In 2012 his book Jewry in Music was published by Cambridge University Press. It "analyses why and how Jews, virtually absent from western art music until the end of the eighteenth century, came to be represented in all branches of the profession as leading figures – not only as composers and performers, but as publishers, impresarios and critics." The musicologist Tina Frühauf has commented "This is the first book that surveys the history of Jews in Western music in an analytical and systematic way, focusing particularly on those countries that had well-developed musical centers at the time." The music historian John Deathridge, on the BBC radio programme Music Matters, has called it "an excellent book about the role of Jews in the emancipation of music from the Church and the court at the end of the eighteenth century."
Conway is also a contributor to journals including Slavonic and East European Review, The Wagner Journal and Jewish Renaissance.

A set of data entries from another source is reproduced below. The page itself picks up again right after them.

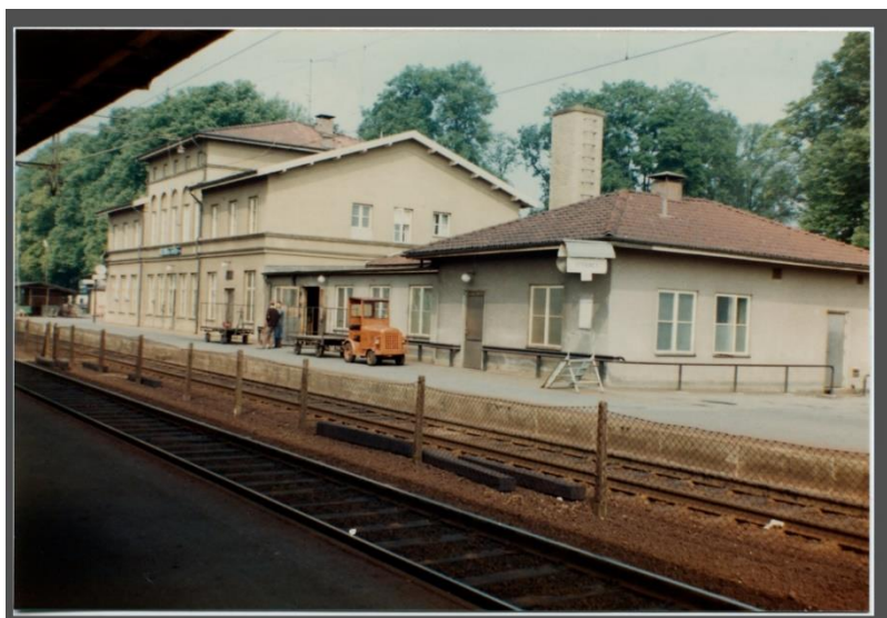
Figur 2: Original foto på Alingsås Centralstation

Vi ska renovera fasad och fönster på centralstationen och under projektering har vi fått indikationer på att färgen på centralstationen inte är original så vårt förslag är att göra miljöhuset i den kulör som centralstationen en gång varit, se figur 2.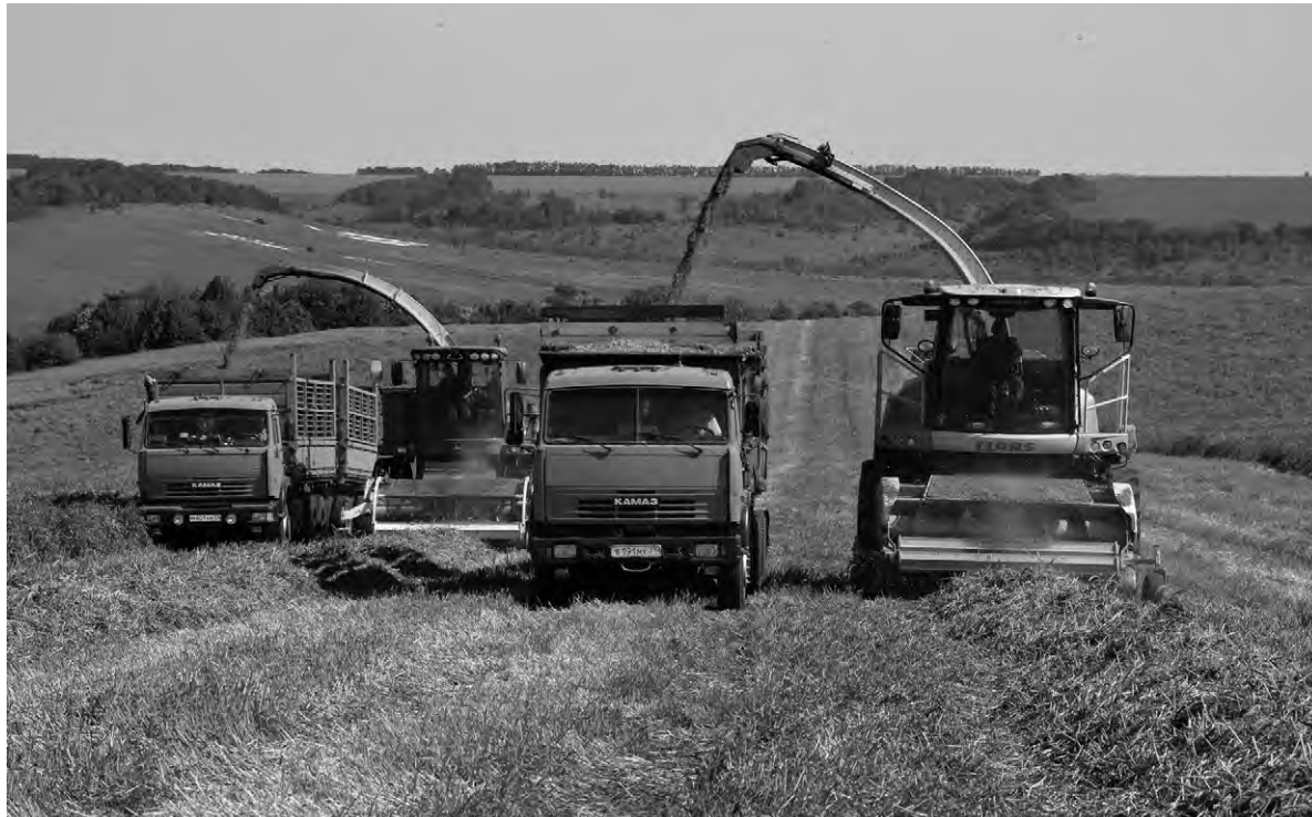
Тучные травы, выращенные на полях Агросоюза «Авида», обеспечили бурёнкам сетищенского ЗАО «Молоко Белогорья» сытную зимовку.

Осенью текущего года произведён хороший задел под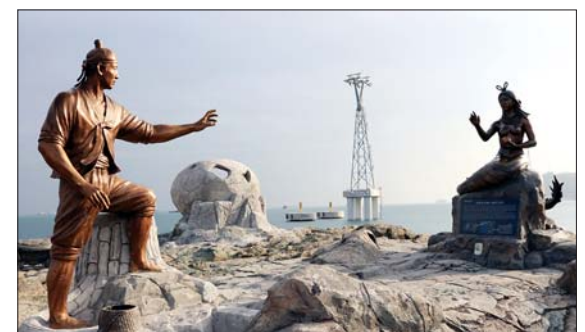
사진은 해녀들에게 발견돼 극적으로 되돌아온 어부상(왼쪽).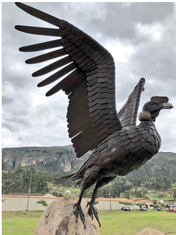
Imagen 6 "Cónдор Arturo", Miguel Cajamarca, (2018), Azuay, Ecuador.

A lo largo de la historia, la escultura ha servido como un poderoso medio para recordar y plasmar eventos significativos que han dejado una marca en un territorio o en la historia misma. La capacidad inherente de la escultura para perdurar a lo largo del tiempo la convierte en un medio ideal para representar estos sucesos trascendentales que quedan grabados en la memoria colectiva.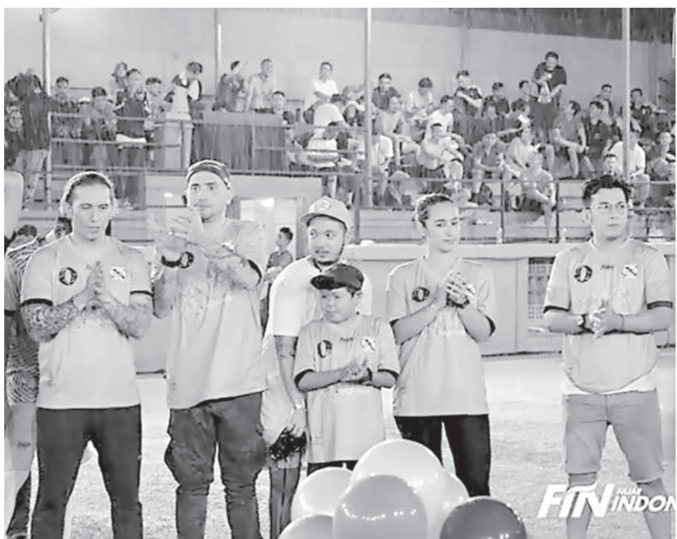
SIAP BERLAGA: Sejumlah pemain film ikut merayakan turnamen Tobaboy di lapangan Hijau, Kawasan Cilandak, Jakarta, (14/1). Lingkar Film menghadirkan beberapa artis di film mangga muda seperti Gerry Iskak, Pasha, Alexandra Gurtado, dan masih banyak lain nya, untuk meresmikan Turnamen TobaBoy Soccer.

Pemain menurut Indah juga diberikan program yang tepat agar bisa recovery lebih cepat dan menjalani latihan dengan maksimal. "Sudah gitu aja. Soalnya mereka lagi pada mau berenang, jadi ngak bisa saya tanya lebih panjang ke mereka takut mengganggu," pungkasnya. (dkk/jpnn)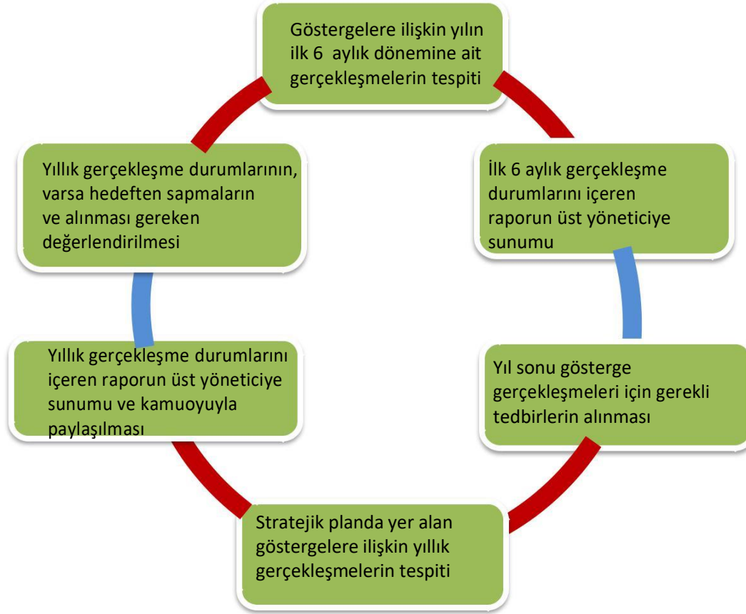
2019-2023 Stratejik Planı İzleme ve Değerlendirme Modeli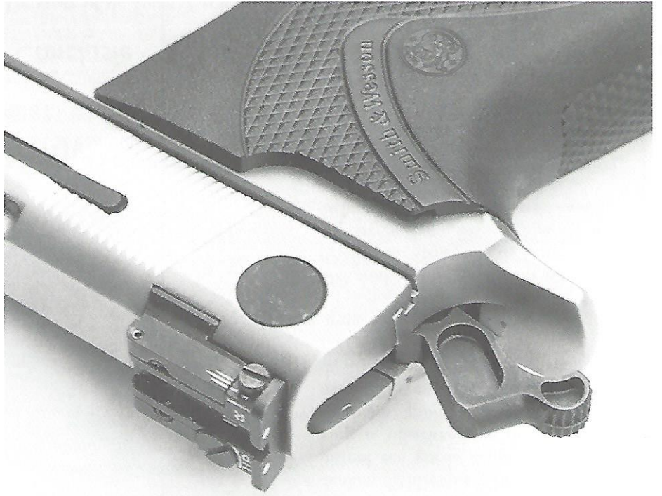
De Super 9 heeft een volledig verstelbare keep en deels uitgeholde hamer.

ééndelige kunststof greep, vergelijkendeling van de loop in de binnenzijde van de slede en een veiligheidsspal op de linkerzijde van de slede. Bij nader beschouwing vallen de verschillen op. De Super 9 heeft een verlengde slede en een langere loop (127 mm in plaats van 102 mm), een minder gekromde trekker die vanwege het single-action mechanisme verder naar achteren is geplaatst, en een volledig verstelbare target keep. Meer high-tech smufjes zijn er niet te vinden, en ook qua materiaalkuize is de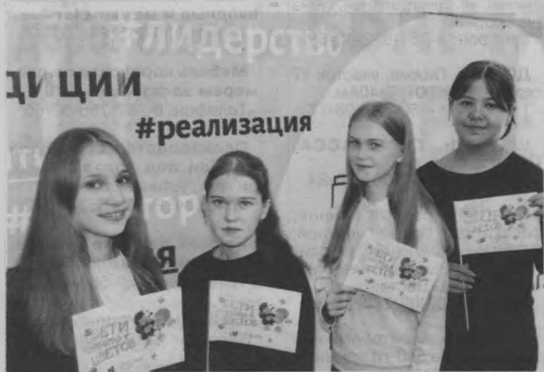
Участникам благотворительной акции «Дети вместо цветов» этот учебный год точно принесёт счастье, здоровье, радость и удачу.

Начинать новый учебный год с доброго дела - хорошая примета!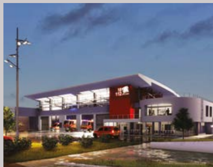
Le Centre d'incendie et de secours de la vallée du Cailly doit être opérationnel au printemps 2026.

La Commune de Montville a apporté son soutien à la réalisation de cette opération de plus de 4 millions d'euros. Elle a en effet offert le bâtiment principal et conduit la démolition de deux bâtiments annexes via l'Établissement public foncier de Normandie afin de mettre à disposition des pompiers, un espace d'évolution extérieure. La durée estimée du chantier est de dix-huit mois.

Since 1991 Conway has acted as a Senior Expert for the European Commission in development aid projects in the countries of the former Soviet Union. He is a founder and director of the music festival Levočské babie leto in Levoča, Slovakia.
Publications
include:
- Jewry in Music: Entry to the Profession from the Enlightenment to Richard Wagner (2012). Cambridge: Cambridge University Press. ISBN 9781316639603.
- "A New Song" in The Cambridge Companion to Jewish Music ed. Joshua Walden (2015). Cambridge: Cambridge University Press. ISBN 9781107623750
- "The Real Faust: Heine's Faust Ballet Scenario 1846–1948", in The Oxford Handbook of Faust in Music. ed. Lorna Fitzsimmons and Charles McKnight (2017). Oxford: Oxford University Press. ISBN 9780199935185.